- Battle of Dholpur: Part of List of Mewar (Sisodiya)–Delhi conflicts
| Date | 1519 |
| Location | Dholpur |
| Result | Mewar victory |
| Territorial changes | The boundaries of Rana Sanga's military influence came to extend within striking distance of Agra.; Chanderi bestowed to Medini Rai.; Gwalior captured; |

Belligerents
- Kingdom of Mewar Kingdom of Amber; Kingdom of Chanderi; ;: Delhi Sultanate

Commanders and leaders
- Rana Sanga Manik Chand Chauhan Prithviraj kachwaha Ratan Singh Chundawat Rajrana Ajja Jhala Haridas Kesaria Rao Ramdas Gokaldas Parmar Medini Rai Kam Dev Sikarwar: Ibrahim Lodi Khan Khanan Farmuli Mian Maruf Mian Makhan Said Khan Furat † Haji Khan † Daulat Khan † Allahdad khan † Yusuf Khan † Farookh Bazai †

= Battle of Dholpur =

1519 battle in India

The Battle of Dholpur in today's India occurred between the Kingdom of Mewar, led by Rana Sanga, and the Lodi dynasty of the Delhi Sultanate, commanded by Ibrahim Lodi, culminating in a victory for Mewar.

After his defeat to Sanga at the Battle of Khatoli, Lodi prepared to retaliate against Sanga.
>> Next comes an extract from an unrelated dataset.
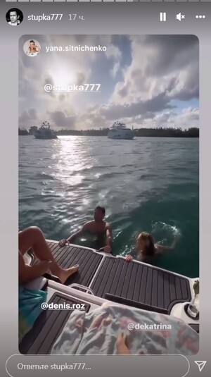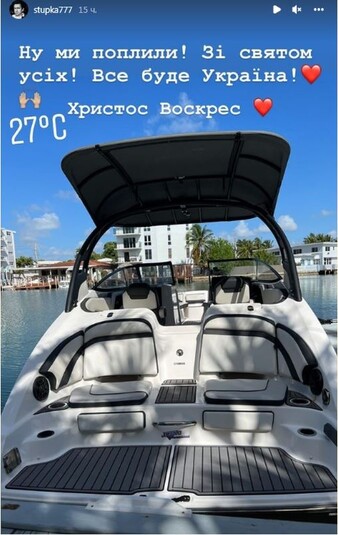 В сторис своей страницы в соцсети Ступка разместил фото вчерашнего отдыха на яхте. «Ну, мы поплыли! С праздником всех! Все будет Украина! Христос воскрес!» – написал он. Ступка указал локацию – Майами-Бич, штат Флорида. На одном из фото – ступни спутницы, находящейся на яхте рядом.

The Mewar forces were strained as they were engaged in conflicts with the Sultans of Malwa and Gujarat. The battle, near Dholpur, witnessed a successful charge by the Mewar army, resulting in the defeat of the opposing forces. Following this victory, Sanga extended his conquests to encompass much of present-day Rajasthan.

==Aftermath==
As a result of this victory, the territories of Malwa, previously seized by Muhammad Shah (Sahib Khan), the younger brother of Sultan Mahmud Khilji II of Mandu during his rebellion against his brother, and later annexed by Sultan Sikander Lodi, father of Sultan Ibrahim Lodi, came under the control of Rana Sanga, the Maharana of Mewar. Chanderi was among the territories captured by the Maharana, who subsequently bestowed it as a gift upon Medini Rai.The fortress of Gwalior was also captured. Ibrahim Lodi attempted to besiege the forts of Ranthambhore and Ajmer, which were under the control of Rana Sanga, but he faced defeat for the third time.